Les dynamiques de l'atmosphère et de l'océan jouent un rôle déterminant en météorologie et en climatologie. Pour les connaître à grande échelle, il est possible de recourir à des capteurs se déplaçant avec l'écoulement d'air ou d'eau (à bord de ballons ou de bouées).
Cependant, à plus petite échelle, la turbulence peut compromettre cette description. Désignée sous le terme de « cascade d'énergie » en mécanique des fluides, elle évolue au cours du temps, avec des structures en forme de tourbillon (vortex) qui diminuent progressivement en taille, jusqu'à des fractions de millimètre.
C'est seulement à cette échelle, dite de Kolmogorov (h), que la plus grande part de l'énergie cinétique de l'écoulement se dissipe sous forme de chaleur, du fait de la viscosité du fluide. Or, pour une turbulence dite développée, il est connu depuis la moitié du 20e siècle que la dissipation de l'énergie est indépendante de la viscosité du fluide. Cette « anomalie dissipative » a été interprétée en 1949 par le physico-chimiste Lars Onsager comme l'existence de singularités mathématiques, provoquant une dissipation non-visqueuse (d'origine purement inertielle) en complément de la contribution classique (visqueuse).
Ces phénomènes non-linéaires et irréversibles ne sont pas pris en compte dans les modèles climatiques actuels pour les circulations atmosphérique et océanique mais, selon les spécialistes, pourraient produire des effets significatifs.
En 2019, un mathématicien, Theodore D. Drivas, a réussi à montrer la relation qui doit exister entre la dissipation globale d'énergie et la différence de dispersion amont et aval des positions de particules constitutives de l'écoulement.

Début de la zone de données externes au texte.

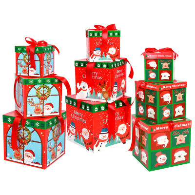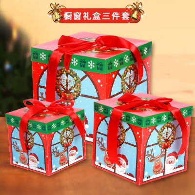 Christmas decorations color gift box three-piece set Christmas tree furnishings window shelves Christmas gift box
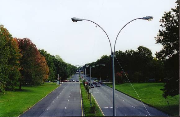 is between 73rd Avenue and Union Tpke. The bridge spanning Francis Lewis belongs to the western end of the Long Island Motor Pkwy Bikepath. The bridge is probably not much older than the Clearview Expwy, which so cruelly rendered it a bridge to nowhere in 1961, when the bikepath was cut in two, about 1 long block to the east. The entire bikepath between here and the Clearview was nearly completely overgrown with Cunningham forest. Except for scattered remains of the bikepath's cement railposts, or splotches of the Vanderbilt's old roadbed, you'd have never know it was there. The last, crumbling spur of the bikepath ran unseen to the right, parallel with Francis Lewis, alongside 199th Street, up to the Long Island Expwy, where it finally gave up the ghost before a public school playground, although bikers could still continue over grass and a walkbridge, across the expressway, into Kissena Corridor Park. |
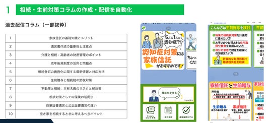1. 相続業務に特化した専門コラムの作成・配信代行一般的なマーケティングツールとは異なり、相続・生前対策に特化したメルマガやコラムをすぐに配信できるコンテンツを標準搭載。
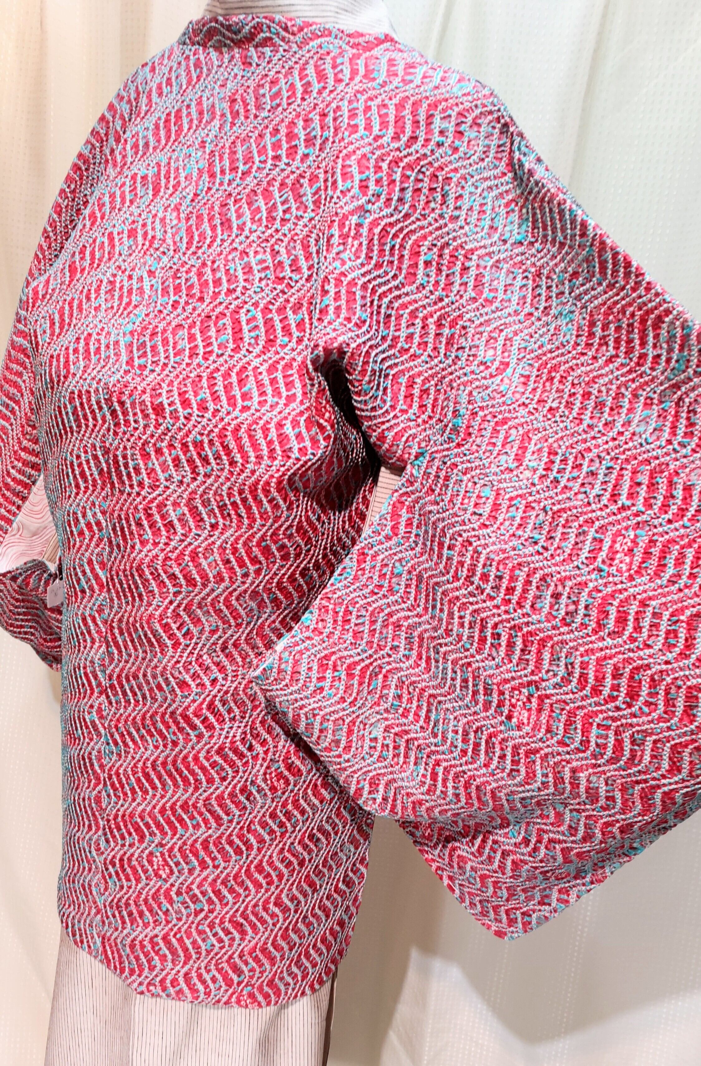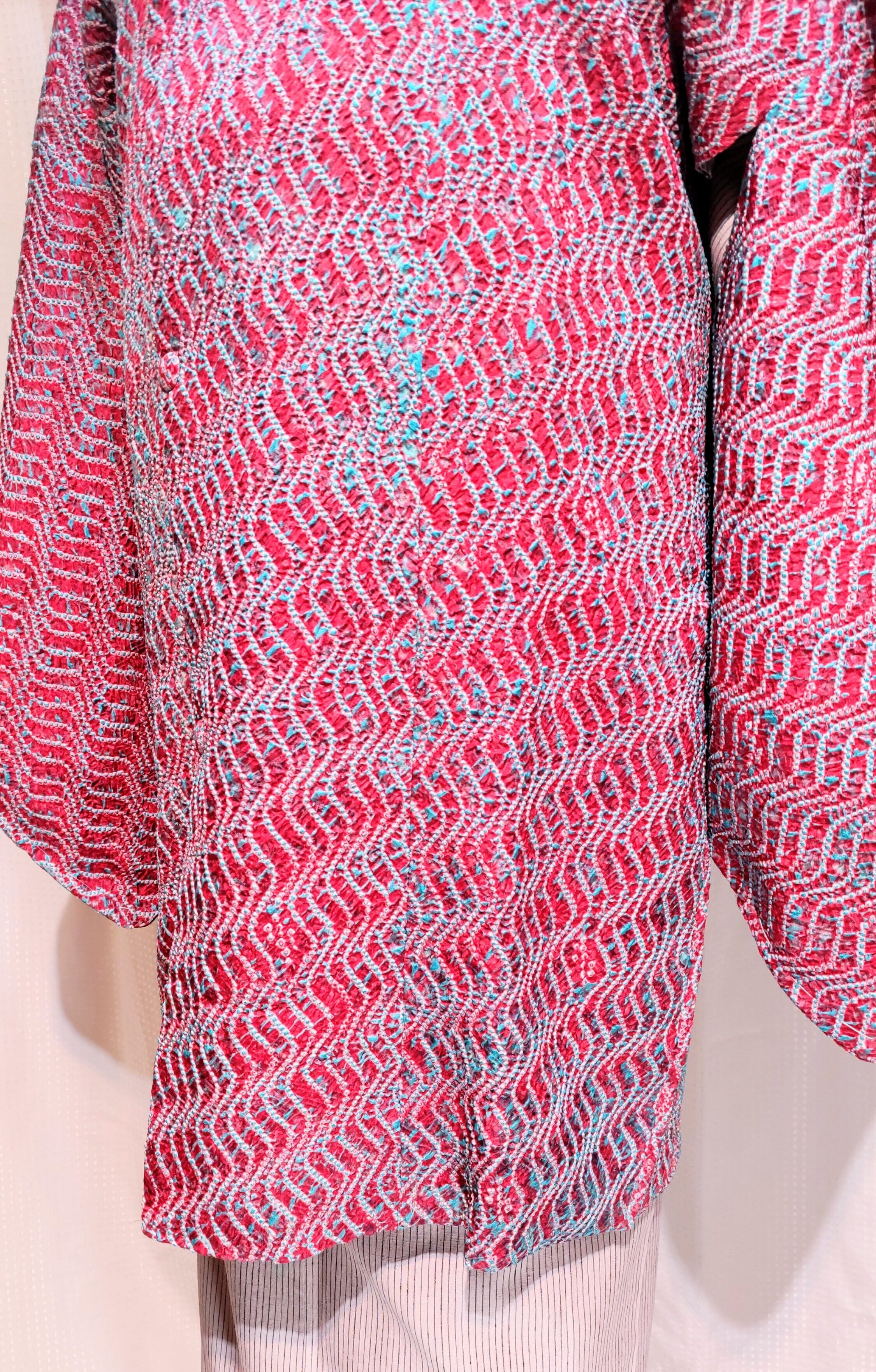 総絞りの道行き〜赤色に青色の個性派〜です。
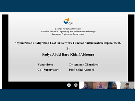 Student Fadia Alshoura from the School of Electrical Engineering and Information Technology (SEEIT) - Computer Engineering Department at the German Jordanian University (GJU) defended her Master thesis entitled “ Optimization of Migration Cost for Network Function Virtualization Replacement”.

Les chercheurs de l'Iramis et leurs partenaires ont voulu tester cette correspondance grâce à un nouveau dispositif expérimental générant de la turbulence dans un grand volume (Giant Von Kármán). L'expérience GVK est constituée d'un réservoir d'eau (ou d'un mélange eau-glycérol) mise en mouvement grâce à deux turbines contrarotatives, où l'énergie mécanique injectée, et donc l'intensité de la turbulence, peut être réglée sur une large gamme de nombres de Reynolds. Ses grandes dimensions (1 m3) et sa versatilité ont été retenues pour obtenir des structures dissipatives de taille observable optiquement.
L'écoulement est ensemencé avec des particules de polystyrène (traceurs) qui, éclairées par un laser impulsionnel à haute cadence (1200 Hz), sont imagées par un ensemble de 4 caméras. Cette technique de vélocimétrie par image de particules (4D Particle-Tracking Velocimetry) permet d'identifier chacune des 50.000 particules dans le volume de mesure (40×40×6 mm3) et de suivre leur position 3D au cours du temps. Les chercheurs peuvent ainsi reconstruire un champ dense de trajectoires particulaires (données lagrangiennes) et en déduire, par interpolation, le champ de vitesses du fluide avec une bonne résolution spatiale (données eulériennes).
Les mesures effectuées fournissent la première confirmation expérimentale du théorème de Drivas, avec l'observation d'une corrélation claire entre les zones de forte dispersion des trajectoires, signe d'irréversibilité, et des zones hautement dissipatives pointant vers des singularités, et ceci pour différents nombres de Reynolds.
Ces résultats permettent aussi d'observer pour la première fois la construction de l'irréversibilité. Pour ceci, les chercheurs combinent les données lagrangiennes et eulériennes pour comprendre où et comment se forment les événements irréversibles et quelles trajectoires de particules en sont responsables. Ces événements correspondent à l'interaction de tourbillons.
La superposition des zones lagrangiennes et eulériennes hautement irréversibles et l'interaction des vortex suggèrent enfin un lien entre irréversibilité et singularité. Des simulations numériques à haute résolution montrent, en effet, la construction de quasi-singularités à l'endroit de l'interaction des vortex. L'apparition spontanée de l'irréversibilité peut alors être interprétée comme une rupture de symétrie (transition de phase) portée par une singularité.
Ces travaux se poursuivent aujourd'hui pour explorer les plus petites échelles sous la taille caractéristique de Kolmogorov, à la recherche de l'observation directe des singularités.